# Gummy 4.0.4 builds and boot manager?



## silver04v (Jun 13, 2011)

I have gummy 9.0 in a slot running perfect, as well as aokp, but for some reason the 9.5 or 3/30 builds always boot loop on the moto sign. Anyone for these going in a slot?

Sent from my celly that's cooler than yours


----------



## bmt11 (Dec 30, 2011)

Working fine for me, upgraded from 9.0 like any other update. Are you wiping system when you install?

I've found that the gummy files for whatever reason be it the server they're hosted on or whatever are much more prone to corrupting or getting a bad file than any other rom so you might want to just keep trying new downloads.


----------



## silver04v (Jun 13, 2011)

Where did you get the build you're running? What gapps did you use? What version of boot manager, the newest?

Sent from my celly that's cooler than yours


----------



## bmt11 (Dec 30, 2011)

Downloaded the Gummy_shadow-TestBuild-0.9.5 from angel's goo.im directory, as for gapps I have always used the ICS_MOTO_4.0.4_GAPPS_03_1_3_2012 as the newer official ones have always given me trouble getting google apps to work properly.
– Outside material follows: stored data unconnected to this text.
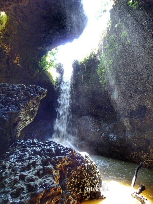 Mirip dengan gua jomblang di Jogja, tapi ini ada air terjunnya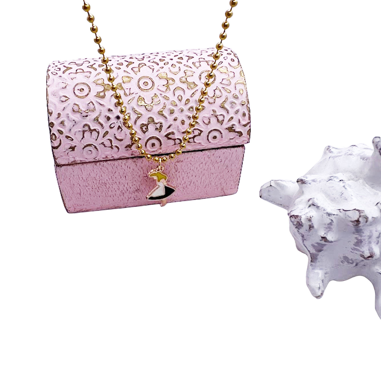 Crafted with meticulous attention to detail, the Alice in Wonderland charm captures the curiosity and adventure that have enchanted readers for generations. The delicate gold-toned pendant gleams with a warm lustre, while the surgical steel gold ball chain offers both durability and elegance against your skin. As it rests near your heart, this Necklace serves as a daily reminder to embrace life’s adventures, to stay curious, and to believe in impossible things. The lightweight design ensures comfortable all-day wear, making it perfect for both everyday whimsy and special occasions that call for a touch of magic.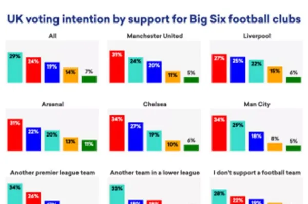 Other Premier League fansOf the fans of other clubs in the Premier League, over a third (34%) are planning to vote for Reform UK. Some 24% are intending to vote Labour, 13% Tory, 12% Lib Dem and 6% Greens.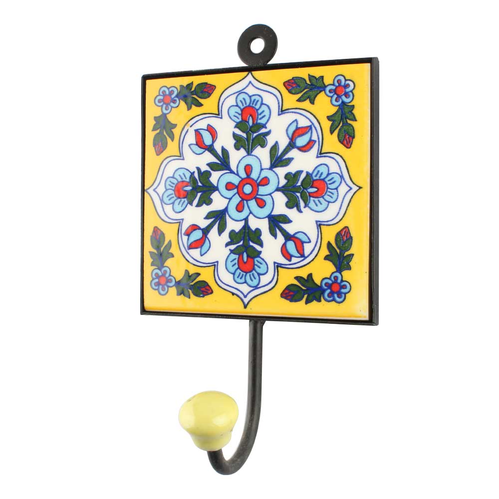 White Base Turquoise Ceramic Floral Tiles Hook. When Put on Wall or Cabinet It is An Art in Itself. The Metal Part of this Hook is Black Powder Coated.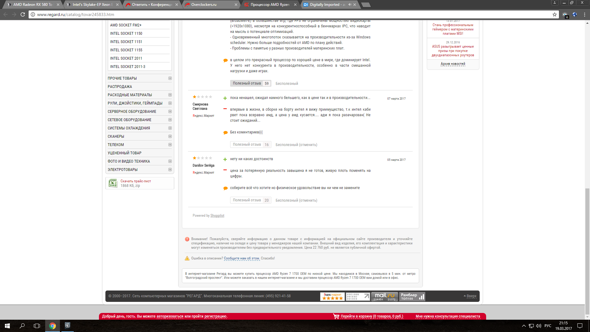 А там же любой может зайти и написать отзыв, не так ли ? Ест у него процессор или нет ? Купил не купил. То есть я могу сейчас зайти/зарегатся за пять сек с левого имэйла и написать там что он полное говно, или кто то из пиар отдела АМД может зайти и точно так же написать что он цаца, каких мир не выдывал ? Весь вопрос в том, что интересно и выгодно из этой писание оставить а что удалить модерараторам магазина, я ничего не перепутал ?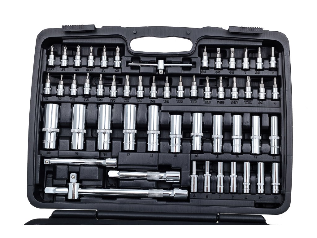Veľkosť 3/8 "obsahuje orechy od veľkosťou 10 až 19mm, dlhé orechy potom vo veľkostiach 10 až 15mm, jedno predĺženie 125mm, 6x orech E-Torx 3/8" - E10 - 11 - 12 - 14 - 16 a 18mm, štvorhranný nadstavec a račňu.

Would probably of been installed in bootmanager before its most recent update.


----------



## silver04v (Jun 13, 2011)

I'll try some more downloads even though I have matching md5s.

Sent from my celly that's cooler than yours


----------



## silver04v (Jun 13, 2011)

Still no luck, anyone else have any ideas?

Sent from my celly that's cooler than yours


----------